# WHAT YOU SHOULD DO:
In the records below, the line with "ゴルフウェア BEAMS GOLF" opens the range and the line with "Nowe, firmowo zapakowane" closes it; print that range exactly and nothing else.

# THE DATA:
####
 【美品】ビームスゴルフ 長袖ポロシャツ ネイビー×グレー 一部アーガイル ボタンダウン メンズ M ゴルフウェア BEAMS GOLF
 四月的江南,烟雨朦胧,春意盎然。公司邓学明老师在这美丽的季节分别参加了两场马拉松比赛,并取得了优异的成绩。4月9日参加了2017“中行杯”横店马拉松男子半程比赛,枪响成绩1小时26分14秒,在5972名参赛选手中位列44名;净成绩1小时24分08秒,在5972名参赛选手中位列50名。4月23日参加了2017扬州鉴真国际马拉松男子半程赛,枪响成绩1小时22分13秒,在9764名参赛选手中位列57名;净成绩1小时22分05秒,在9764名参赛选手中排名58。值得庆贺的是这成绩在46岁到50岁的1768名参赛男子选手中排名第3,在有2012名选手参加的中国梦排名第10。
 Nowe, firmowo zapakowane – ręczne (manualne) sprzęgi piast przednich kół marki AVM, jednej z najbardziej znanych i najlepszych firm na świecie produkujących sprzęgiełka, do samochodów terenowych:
####
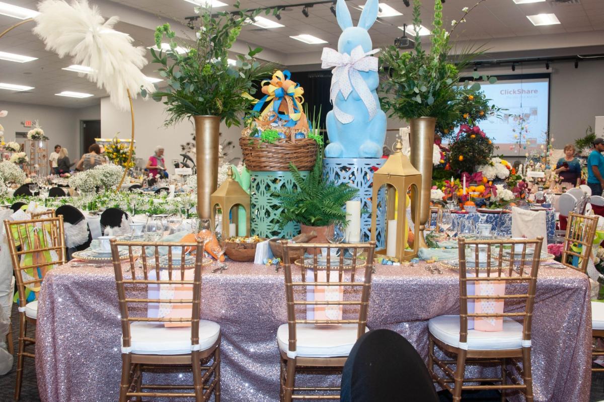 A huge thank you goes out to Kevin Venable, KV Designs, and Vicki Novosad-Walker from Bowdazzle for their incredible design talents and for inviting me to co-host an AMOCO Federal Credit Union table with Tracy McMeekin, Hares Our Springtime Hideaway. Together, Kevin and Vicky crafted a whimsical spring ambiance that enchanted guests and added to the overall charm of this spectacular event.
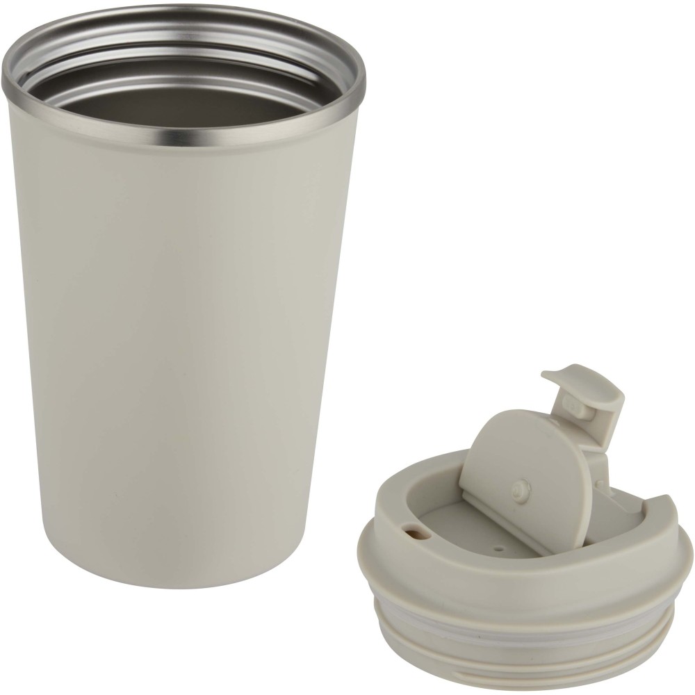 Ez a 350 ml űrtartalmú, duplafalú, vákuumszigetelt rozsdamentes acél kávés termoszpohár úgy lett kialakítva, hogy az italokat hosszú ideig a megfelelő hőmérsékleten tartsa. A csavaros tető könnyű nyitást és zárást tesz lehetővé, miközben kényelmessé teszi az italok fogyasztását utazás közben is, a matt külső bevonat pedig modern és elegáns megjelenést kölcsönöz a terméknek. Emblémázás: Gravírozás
####
# WRITTEN ANSWER:
 【美品】ビームスゴルフ 長袖ポロシャツ ネイビー×グレー 一部アーガイル ボタンダウン メンズ M ゴルフウェア BEAMS GOLF
 四月的江南,烟雨朦胧,春意盎然。公司邓学明老师在这美丽的季节分别参加了两场马拉松比赛,并取得了优异的成绩。4月9日参加了2017“中行杯”横店马拉松男子半程比赛,枪响成绩1小时26分14秒,在5972名参赛选手中位列44名;净成绩1小时24分08秒,在5972名参赛选手中位列50名。4月23日参加了2017扬州鉴真国际马拉松男子半程赛,枪响成绩1小时22分13秒,在9764名参赛选手中位列57名;净成绩1小时22分05秒,在9764名参赛选手中排名58。值得庆贺的是这成绩在46岁到50岁的1768名参赛男子选手中排名第3,在有2012名选手参加的中国梦排名第10。
 Nowe, firmowo zapakowane – ręczne (manualne) sprzęgi piast przednich kół marki AVM, jednej z najbardziej znanych i najlepszych firm na świecie produkujących sprzęgiełka, do samochodów terenowych:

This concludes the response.